What did @iamcynthiagarcia actually say?
Garcia presented GHK-Cu as the one peptide "you can actually see working when you look in the mirror," describing it as something your body makes naturally but loses with age. She said it "literally switches on the genes for cell regeneration," backed by "40 years of research." She uses it two ways: topically for tone and texture, and via injection for "deeper cellular" effects. Her signature tip is using it before and after microneedling or lasers to speed healing. She closed by offering followers access to her sourcing list in exchange for a comment.
Worth noting: she consistently called it "GHQ CEO" throughout the video, which is a mispronunciation of GHK-Cu (glycine-histidine-lysine copper). Small thing, but if you're recommending injections, getting the name right matters.
Does the science back this up?
More than you might expect for an Instagram peptide recommendation, yes. The foundational research is real, though the injectable claims are less supported than the topical ones.
GHK-Cu was first isolated by Loren Pickart in 1973, which is where the "40 years of research" claim comes from. Pickart and colleagues published extensively on its role in wound healing, collagen synthesis, and skin remodeling. A 2015 review by Pickart and Margolina in The Scientific World Journal documented GHK-Cu's ability to upregulate genes involved in collagen production and tissue repair, including activating TGF-beta pathways. That part checks out.
The gene activation claim also has real backing. A 2012 study by Pickart, Vasquez-Soltero, and Margolina in Organogenesis showed GHK-Cu modulates expression of over 4,000 genes in human fibroblasts, including those tied to anti-inflammatory pathways. Calling this "switching on genes for cell regeneration" is a simplification, but it is not wrong.
Topical efficacy for fine lines and skin texture is supported by several controlled studies. Finkley et al. (2007, Journal of Cosmetic Dermatology) found significant improvement in skin laxity and appearance with topical GHK-Cu vs. placebo over 12 weeks. The periprocedural use case, applying it before and after laser or microneedling, has reasonable mechanistic support given its wound-healing properties, though dedicated clinical trials on this specific protocol are limited.
The injectable use is where the evidence gets thin. Human clinical trial data on injected GHK-Cu for aesthetic purposes is sparse. Most injection data comes from wound-healing contexts, not cosmetic optimization.
What did they get wrong (or right)?
Garcia got the topical case largely right. The collagen and inflammation claims are supported by peer-reviewed literature. Credit where it is due.
What she overstated is the injectable angle. Saying injection reaches "a deeper cellular place that a serum just can't reach" sounds compelling, but there are no robust human RCTs confirming that injected GHK-Cu produces meaningfully better aesthetic outcomes than well-formulated topical products. The bioavailability argument is plausible in theory but unproven in practice for cosmetic endpoints.
The sourcing concern is the biggest red flag here. Offering followers a direct link to where she personally sources injectable peptides is not a neutral act. Compounded and gray-market peptide injectables vary wildly in purity and sterility. Without FDA oversight on those specific products, users have no reliable way to verify what is actually in the vial. Recommending injection protocols for a general Instagram audience, without individualized medical supervision, creates real safety exposure. That part deserves a hard pass regardless of how good the underlying peptide science is.

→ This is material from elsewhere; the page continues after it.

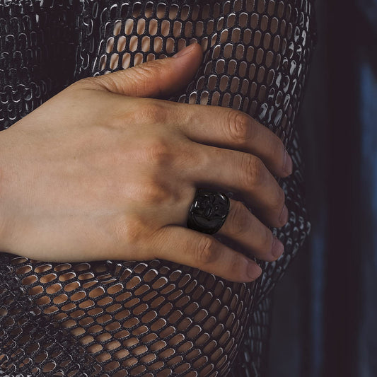 Bandmax Schwarzer Totenkopfring für Männer, Größe 12, Edelstahl, klobige Biker-Totenkopfringe, Flammen-Totenkopfringe, lodernder Totenkopfreiterring, Punk-Schmuck
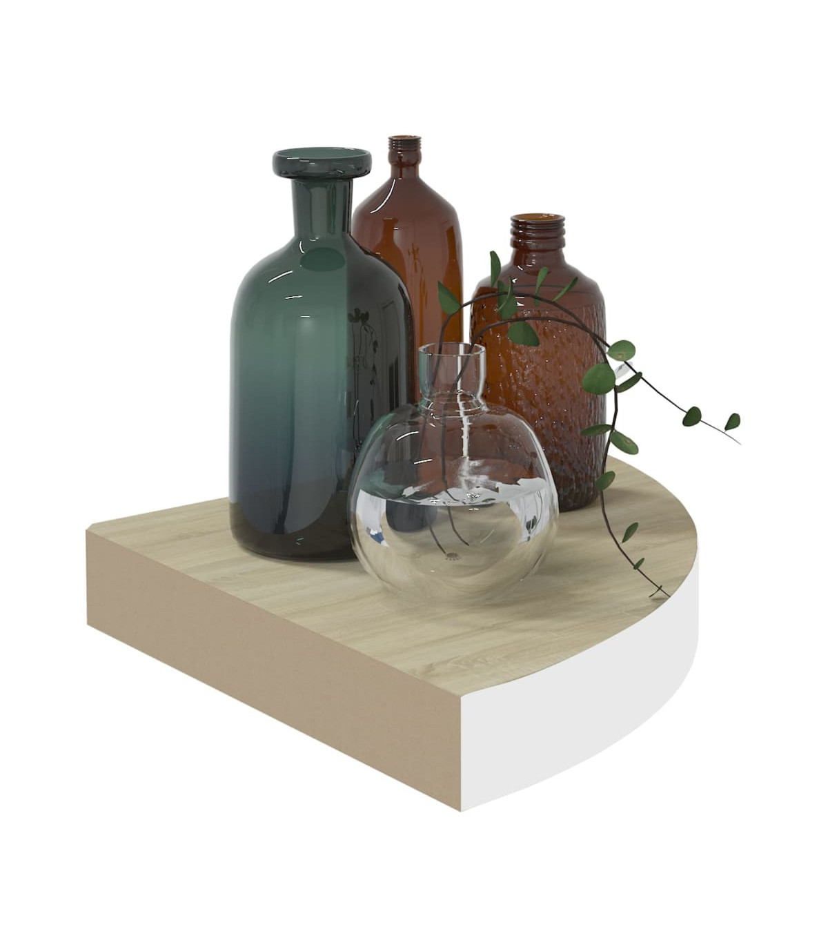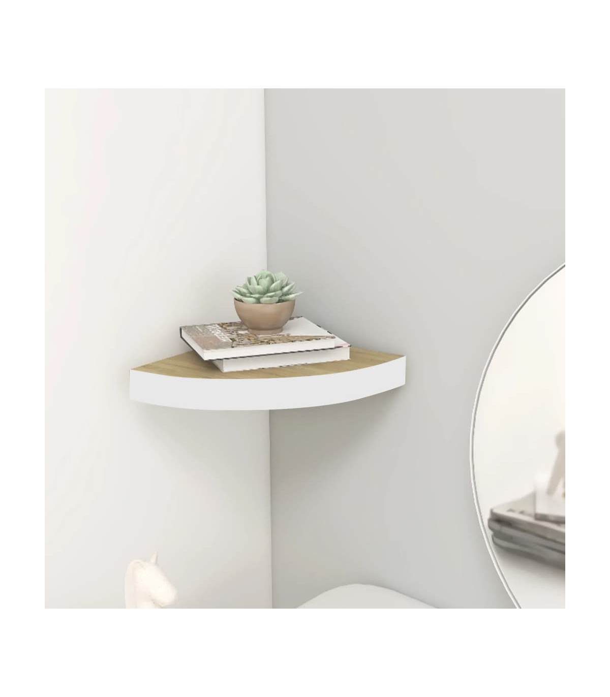 vidaXL Wall Corner Shelf Oak and White 25x25x3.8 cm MDF

What should you actually know?
GHK-Cu is one of the better-studied cosmetic peptides, and the topical use case is on solid ground relative to most things promoted on wellness Instagram. If you are interested in it, a reputable topical product from a company that publishes its formulation and third-party testing is a reasonable starting point.
The periprocedural tip, using it around microneedling or laser, is mechanistically plausible and low-risk when applied topically. Some dermatology practices already incorporate GHK-Cu into post-procedure protocols for this reason. If you want to try this, talk to the provider doing the procedure.

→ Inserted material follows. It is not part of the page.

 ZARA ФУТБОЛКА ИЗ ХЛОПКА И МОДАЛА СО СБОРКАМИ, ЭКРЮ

Injectable GHK-Cu is a different conversation entirely. Injections require sterile compounding, proper dosing, and a provider who can manage adverse events. Sourcing from a list promoted on Instagram, no matter how well-intentioned the creator is, does not meet that bar. Peptide injections obtained outside a licensed medical provider relationship sit in a regulatory gray zone that carries real risk. Do not take that route based on a social media recommendation.
The broader research on GHK-Cu in longevity contexts, including its apparent effects on oxidative stress and inflammation markers, is genuinely interesting. But interesting early research is not the same as clinical evidence of benefit in healthy people using injections for anti-aging purposes.